___ GIVEN ENTRIES ___
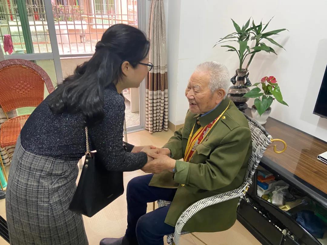 4月7日下午,漳州市华安县退役军人局联合县老干局、融媒体中心一行人来到百岁抗战老兵、离休干部杨建明家中走访看望,聆听红色声音,接受红色洗礼。
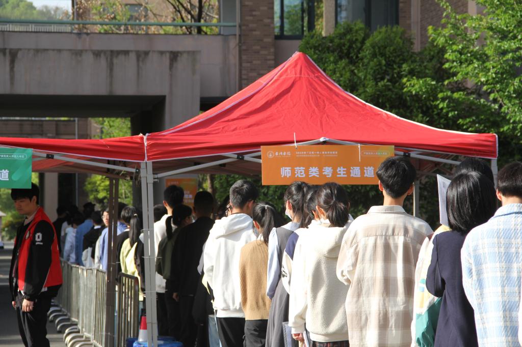 测试当天,学校实现了考生入场、物品寄存、集中候考、分类测试、考后管理全流程服务,做到了全流程无缝式引导,让考生“考试安心”。在测试过程中,有效强化了流程环节间技术应用,通过智能安检门、人脸校验、计算机随机排号相结合,确保了考试安全。在评委选聘、工作人员选配、考生测试试场排号上,通过纪检监督、随机抽签实行“三随机”,让考试公平运行。通过设置随行人员休息区、丰富校内路线指引、配足配齐志愿者,为进校人员在校内提供便利,让考试更加暖心。
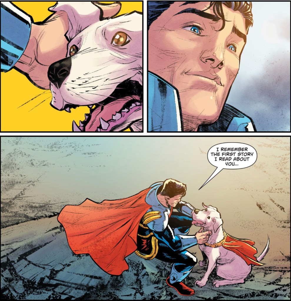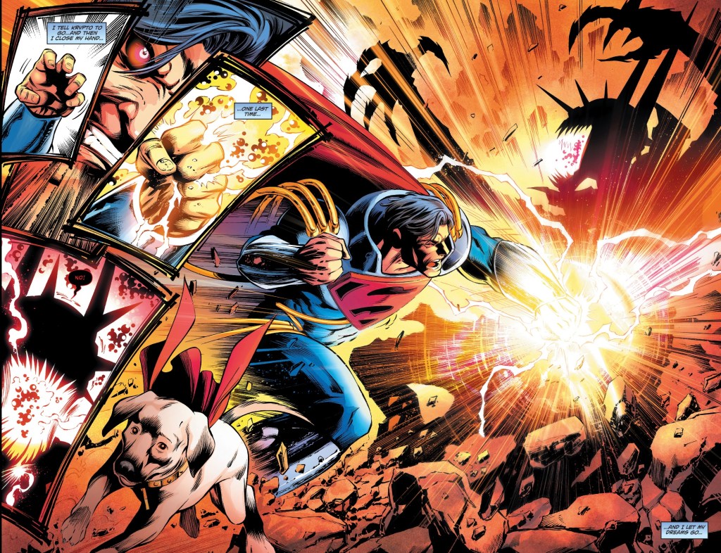 Krypto the Superdog. This is the point in a Superboy Prime story in which he shows how psychotic he is by frying a good guy. Poor Krypto….
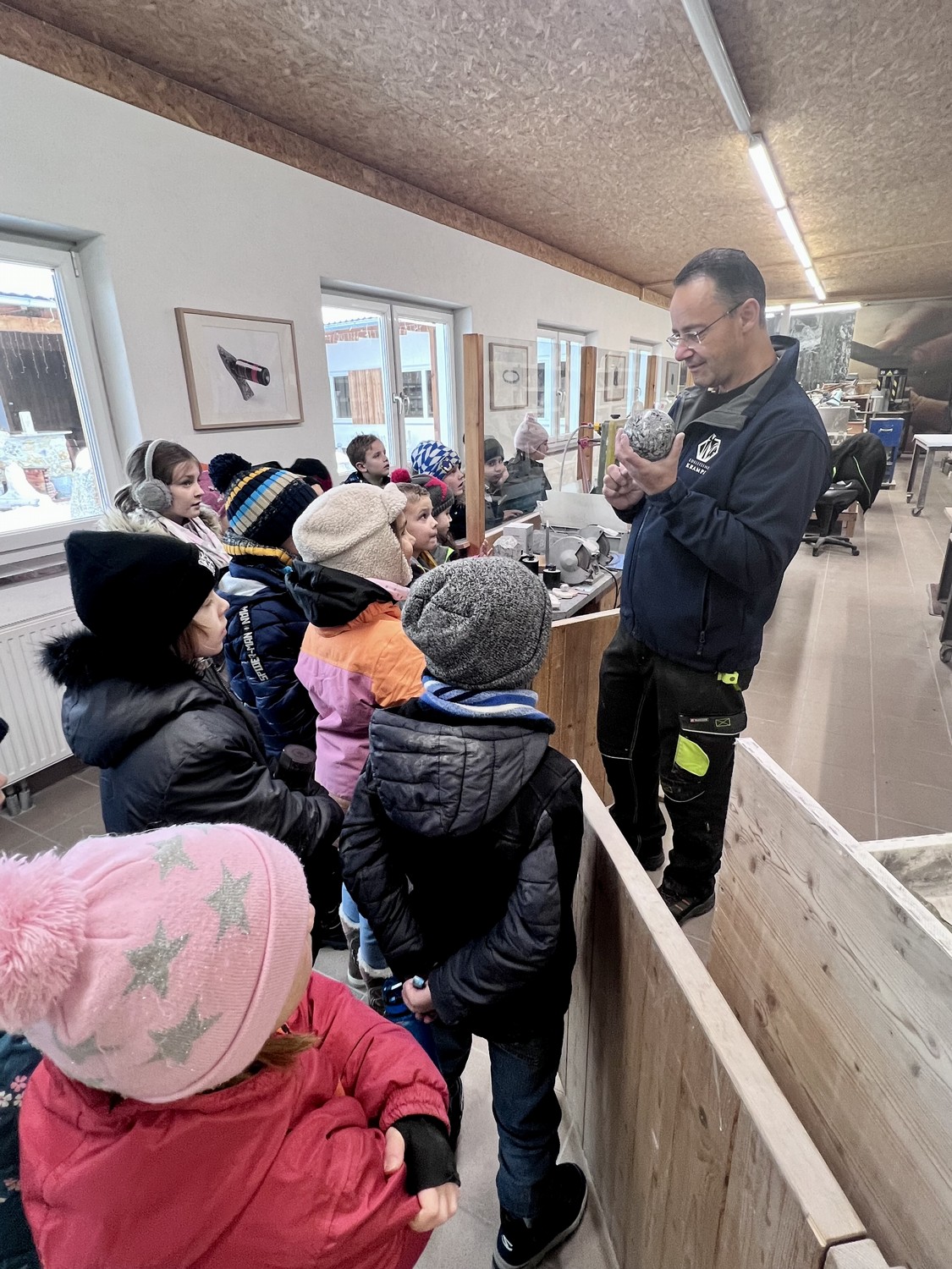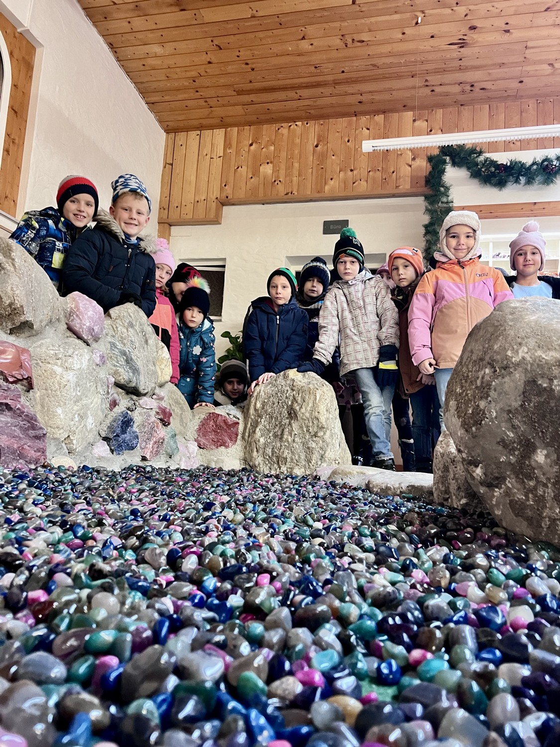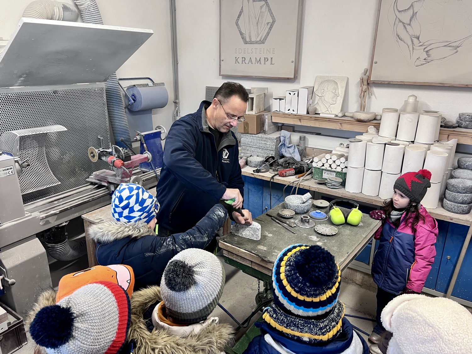 Einen wunderschönen Ausflug machten die beiden 2. Klassen am 13.12.23 und 14.12.23 in die Welt der edlen Steine nach Weißkirchen. Zunächst erfuhren die Kinder in der "Gläsernen Fabrik" wie Edelsteine geschliffen werden und erhielten Einblicke in die Arbeit eines Stein verarbeiteten Betriebes. Sie durften sogar selbst Hand anlegen.
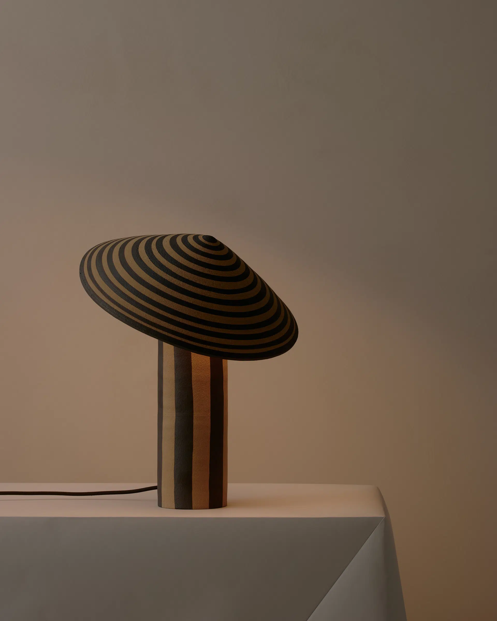 Belinda works from her studio in Preston where each piece is wheel-thrown, hand-finished, and fired. Dancer is crafted using mid-fire clay and brushed with black iron oxide, providing a striking contrast against the warm brown clay. Each lamp is offered in three striped finishes — wide, thin and spaced. Table lamps are available in any combination of these finishes.
___
EXERCISE DESCRIPTION: Without any picture, return exactly the lines of the records above from the first through the line that contains "测试当天,学校实现了考生入场".

RESPONSE TO THE EXERCISE:
 4月7日下午,漳州市华安县退役军人局联合县老干局、融媒体中心一行人来到百岁抗战老兵、离休干部杨建明家中走访看望,聆听红色声音,接受红色洗礼。
 测试当天,学校实现了考生入场、物品寄存、集中候考、分类测试、考后管理全流程服务,做到了全流程无缝式引导,让考生“考试安心”。在测试过程中,有效强化了流程环节间技术应用,通过智能安检门、人脸校验、计算机随机排号相结合,确保了考试安全。在评委选聘、工作人员选配、考生测试试场排号上,通过纪检监督、随机抽签实行“三随机”,让考试公平运行。通过设置随行人员休息区、丰富校内路线指引、配足配齐志愿者,为进校人员在校内提供便利,让考试更加暖心。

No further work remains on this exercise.